Ketuhanan Yang Maha Esa. Begitulah bunyi sila pertama dari Dasar Negara Republik Indonesia. Cukuplah sila itu untuk menegaskan bahwa Tuhan, tidak ada penguasa utama selain Dia. Raja dari segala raja. Yang tidak ada tandingan, dan bandingan bagi-Nya. Sudah cukup banyak bukti keakuratan setiap catatan dalam kitab suci. Maka, mengapa kita masih meragukan kebenarannya? Padahal Tuhan sudah membuka satu demi satu tabir misterinya. Baik di langit, maupun di bumi. Ketika Rasulullah menyampaikan firmanTuhan, ”Maka apabila langit terbelah seperti mawar merah yang berkilau mengkilat bagaikan minyak,” banyak orang menyebutnya pembohong. Mungkin wajar jika manusia yang hidup ribuan tahun lalu menyangkal firman itu. Sebab akal dan pengetahuan belum mampu menjangkaunya kecuali dengan iman. Namun setelah teleskop Hubble milik NASA membuktikan ternyata memang di langit terdapat Oily Red Rose Nebule alias Nebula mawar merah yang mengkilap, bagaimana mungkin kita masih menyangkal kebenaran firman-Nya ya?
 
Oh, mungkin langit itu terlampau jauh untuk ditempuh oleh mata. Itulah sebabnya, saya memiliki hati yang sangat bebal seperti ini. Maka dari itu, hari ini Tuhan memperlihatkan bukti yang mudah saya lihat sendiri. ”Akulah yang mengeluarkan kehidupan dari kematian,” kata-Nya. Dan benar. Dari batang pohon yang membusuk itu, bukan daun yang tumbuh. Melainkan setandan buah pisang yang sempurna.
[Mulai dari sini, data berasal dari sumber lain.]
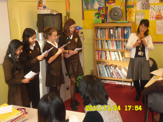 葫芦丝是云南傣族的特有乐器,在英国学生中鲜有人知,用这种独特的乐器伴奏经典歌曲,别有一番风味。同时在教学生认读中英文的歌词的同时,帮助他们又学会了许多汉字。这种“寓教于乐”的形式,很受学生的欢迎。在教汉语语言的同事,学生又感悟了中国艺术文化的魅力,真可谓是一箭双雕!
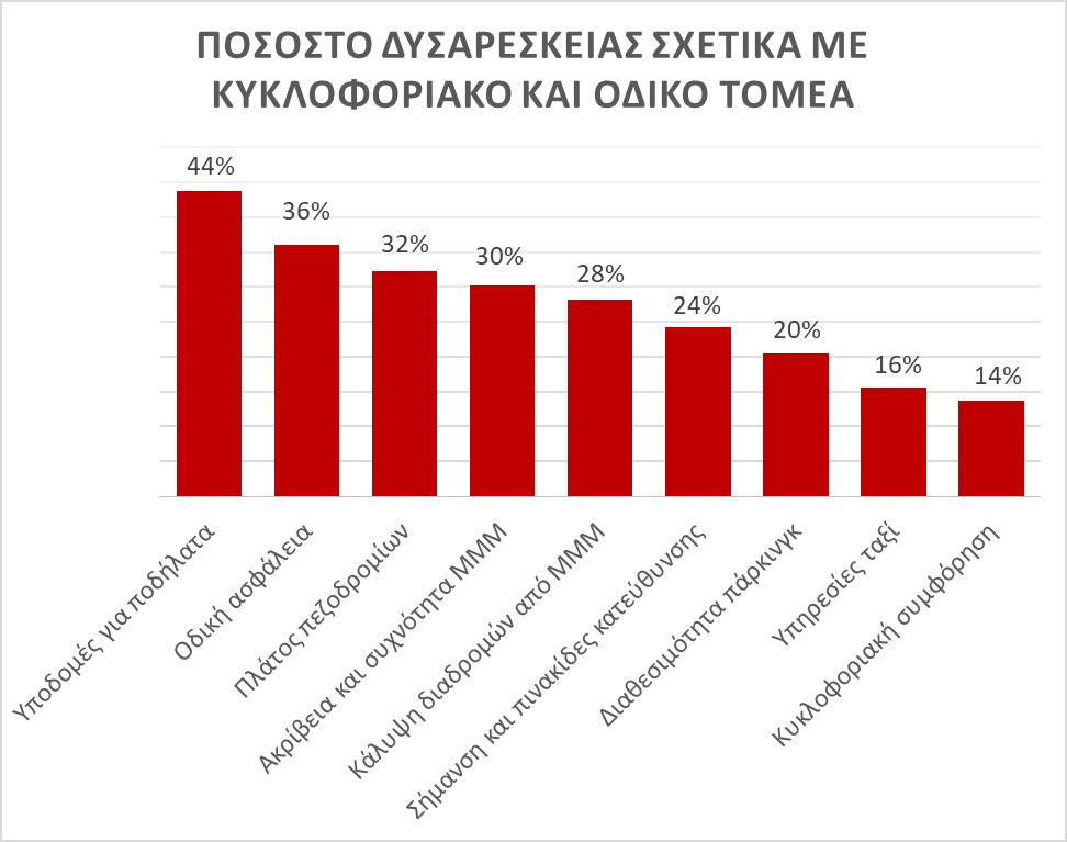 Αναφορικά με το κυκλοφοριακό και τον οδικό τομέα, η κυκλοφοριακή συμφόρηση καθώς και οι υπηρεσίες ταξί συγκεντρώνουν τα χαμηλότερα ποσοστά δυσαρέσκειας, ενώ οι υποδομές που χρήζουν άμεσης αναβάθμισης, είναι πρωτίστως οι υποδομές που αφορούν τους ποδηλατόδρομους και την οδική ασφάλεια (οδόστρωμα, κλίσεις, στροφές), όπου παρουσιάζονται μεγάλα ποσοστά δυσαρέσκειας, 44% και 36%, αντίστοιχα. Υψηλό ποσοστό δυσαρέσκειας, εμφανίζεται σχετικά με τη διαπλάτυνση των πεζοδρομίων, παρόλο που υπάρχει σημαντική βελτίωση το τελευταίο έτος, αλλά και στην ακρίβεια, συχνότητα και κάλυψη διαδρομών από τα Μέσα Μαζικής Μεταφοράς, το οποίο είναι κατά πολύ αυξημένο σε σχέση με την προηγούμενη χρονιά. Αυτό δικαιολογείται όμως από το χαμηλό αριθμό αφίξεων αλλοδαπών τουριστών, όπως και από τους κανόνες πληρότητας που θα έπρεπε να τηρούν τα ΜΜΜ για την υγειονομική ασφάλεια των επιβατών, γεγονός που δεν επέτρεψε την επαρκή κάλυψη δρομολογίων, καθώς και την τήρηση της ακρίβειας και συχνότητας των ΜΜΜ. Η σήμανση καθώς και οι πινακίδες κατεύθυνσης του οδικού δικτύου χρήζουν επίσης ανάγκη βελτίωσης, όπως και η ύπαρξη περισσότερων θέσεων πάρκινγκ.
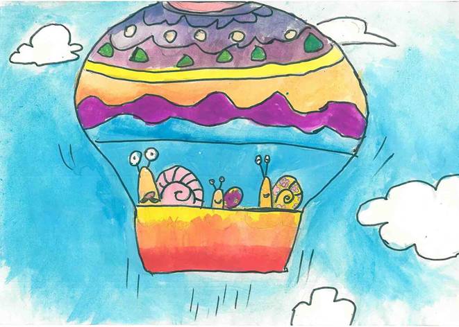 如《蜗牛一家去旅行》(图一),我是这样简述的:蜗牛一家很想出门去旅行,想去北京看看长城和故宫,想去上海看看世博会,也想去杭州看看西湖……但苦于自己先天的不足。最后,靠着自己的智慧,做成一个大大的热气球,如愿地实现了出远门旅行的梦想。
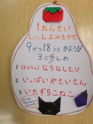 2学期最初のLLは、素話「ならなしとり」、読み聞かせ「いっぱいやさいさん」「いたずらねこ」の3つでした。
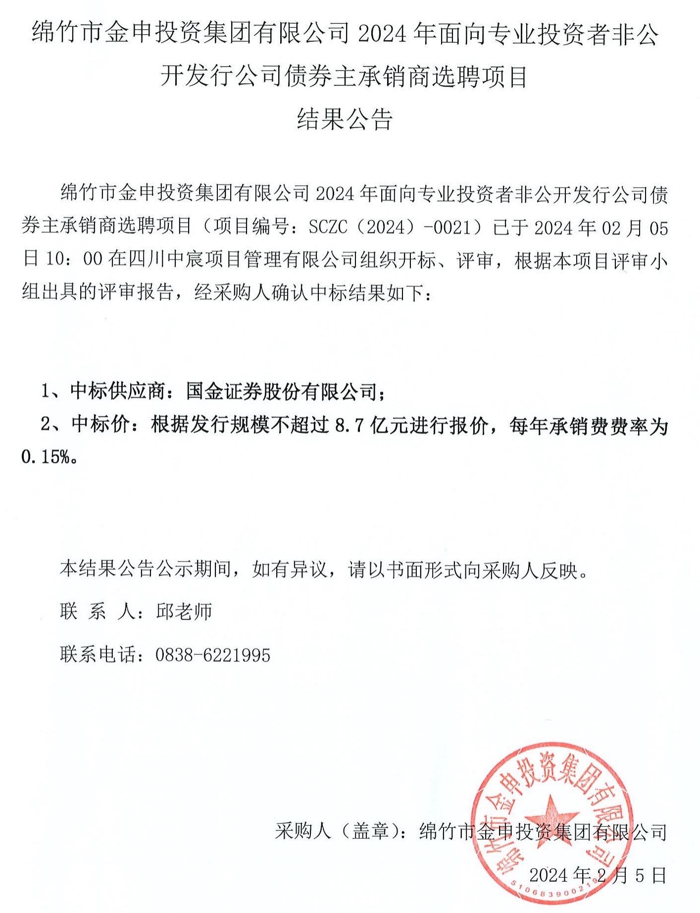 金申集團公司非公開(kāi)發(fā)行公司債券主承銷(xiāo)商選聘結果公示
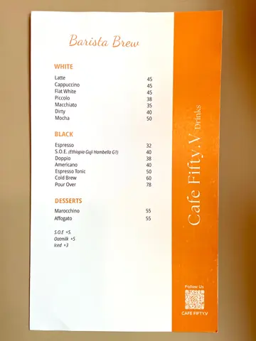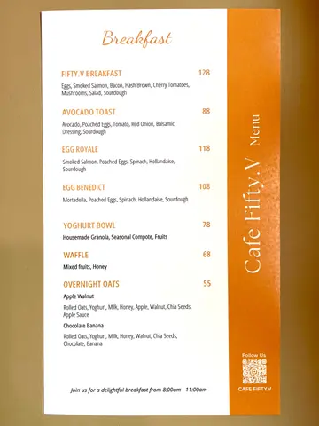 店名直接命名Fifty V 易記又易搵地方闊落三十個座位左右非常有空間感牆上5幅Cafe 主題掛畫好想帶回家🖼️橙 vs Beige 配色柔和帶點小清新🧡朝早8點就開始營業🕗有All Day, Sour Dough, 燕麥碗多款早餐供應🍞飲品方面意式以外抹茶, Smoothie, Mocktail都有🍹附近扮工一族不仿試吓👍🏻🔖 Egg Benedict Sour Dough 有先扒過軟熟有回彈力🍞菠菜厚厚一層、車厘茄亦鮮甜🍅流心Poached egg 生熟控制得宜🥚最驚喜係幾片意式肉腸Martadella 乾身仲保持香脆口感整體賣相同味道都有餐廳級數🔖 Latte 有款Ethi Guji SOE +$5 值得一試奶泡綿密拉花飲到底都無散開係近來比較得我心嘅一杯☕️有溫柔、笑容滿面暖男店員、加10分💕有Extreme, Oasis 聽加5分🎸…查看更多
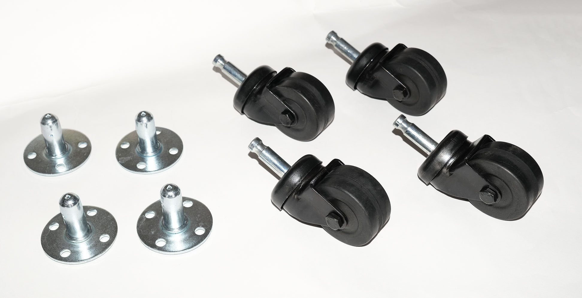 - Floor Type – Rubber casters are best for hardwood and tile. Brass wheels should be paired with caster cups to prevent floor damage.
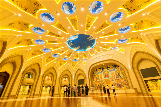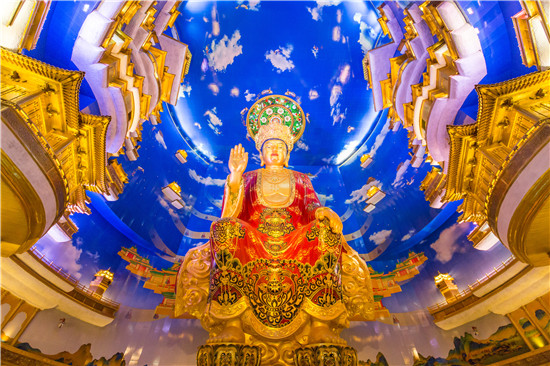 潘建国介绍说,兜率天宫内的佛菩萨罗汉造像,也体现了当代中国佛教造像艺术的最高水准。所有造像艺术家,都具备国家级工艺美术大师资质;而在佛像造型的设计上,也充分体现了当今社会的审美。
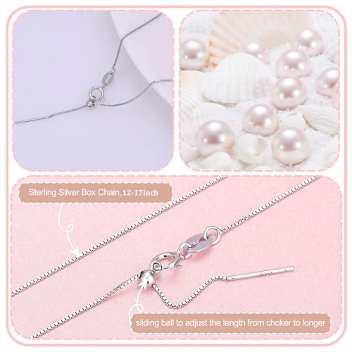 Sterling Silver Pearl Necklace and Earring Set for Girls,8mm White Pink Round Pearls Women Jewelry for Wedding Birthday Christmas Graduation Bridal Shower Gifts for Her,Adjustable 925 Silver Chain(12-18 inch) 6

Padahal, selama ini saya nyaris selalu meyakini bahwa daun itu seperti dapur atau pabrik makanan bagi tanaman. Tanpa daun, tidak ada proses fotosintesis. Tanpa fotosintesis tidak ada zat gula dan fruktosa. Tanpa fruktosa, tidak akan pernah ada buah. Tapi hari ini, Tuhan memperlihatkan betapa mudahnya Dia menciptakan buah. Bahkan, dari tunggul batang pohon pisang yang sudah ditebang.
 
Siang itu saya bergegas pulang. Maksud hati mengambil kamera untuk mengabadikan keagungan isyarat Tuhan. Namun sekeras apapun berusaha, saya tidak menemukan kamera itu. Saya terus mencari sambil berharap bisa mendapatkan rekaman otentik fakta itu. Tapi, terik matahari segera berganti. Mendung menggelayuti langit. Kemudian hujan angin seolah menghalangi keinginan saya. Seakan menegaskan larangan itu, sang hujan tidak berhenti hingga malam. Keesokan paginya, matahari tersenyum cerah. Langit terang benderang. Sedangkan awan putih berjalan anggun dan perlahan. Saya tidak tahu, apakah itu berupa ejekan. Atau penghiburan. Terserah. Saya sudah bertekad untuk mengabadikan momen penting itu. Lalu ketika saya berangkat menuju ke tempat training hari itu, saya berhenti di lokasi pisang ajaib itu tumbuh. 
 
Saya sama kagetnya dengan para penjaga situs di pangkalan ojek itu. Sebagian buah pisang itu sudah mulai matang menguning. Padahal, kemarin sore masih hijau semua. Sekarang saya mengerti, mengapa langit menghalangi saya untuk merekam momen itu kemarin. Karena Tuhan, menginginkan saya untuk melihat keajaiban lain. Sangat mudah bagi-Nya untuk menghidupkan sesuatu dari yang mati. Sama mudahnya dengan mematikan yang hidup. Sangat mudah bagi-Nya untuk membuat matang sesuatu. Sama mudahnya dengan membiarkan sebagian tetap mentah. Melalui mantera ajaibnya Tuhan bertitah, ”Jadilah!” Maka segala sesuatu yang dikehendaki-Nya jadi. ”Kun!” firman-Nya. ”Fayakun.” Maka jadilah. 
 
Sabtu, tanggal 22 Mei 2010. Tuhan mengijinkan saya untuk mengabadikannya dalam sebuah video. Kemudian mempostingnya di Youtube (http://www.youtube.com/watch?v=tIqC3UKpTMg ). Jika anda meragukan keasliannya, silakan dianalisis sendiri. Namun hati saya dan para pengendara ojek yang diberkati itu bersaksi, ”Laa roiba fiihi,” tidak ada keraguan sedikitpun tentangnya. Oleh sebab itu, saya bersaksi atas kebenaran firman Tuhan. Dan saya bersaksi atas kebenaran Nabi-Nabi yang telah diutus-Nya dari awal hingga akhir zaman. Untuk menyempurnakan akhlak manusia. Dan untuk menyampaikan petunjuk yang terang benderang. Seperti nasihat yang sudah dikokohkan oleh founding fathers bangsa Indonesia. Pancasila. Satu. Ketuhanan Yang Maha Esa.
 
Mari Berbagi Semangat!
 
Dadang Kadarusman
WTS – Writer, Trainer, and Speaker    
 
Catatan Kaki:
Keajaiban hanyalah milik mereka yang bersungguh-sunguh dalam berusaha, dan tulus dalam kepasrahan kepada Sang Maha Kuasa.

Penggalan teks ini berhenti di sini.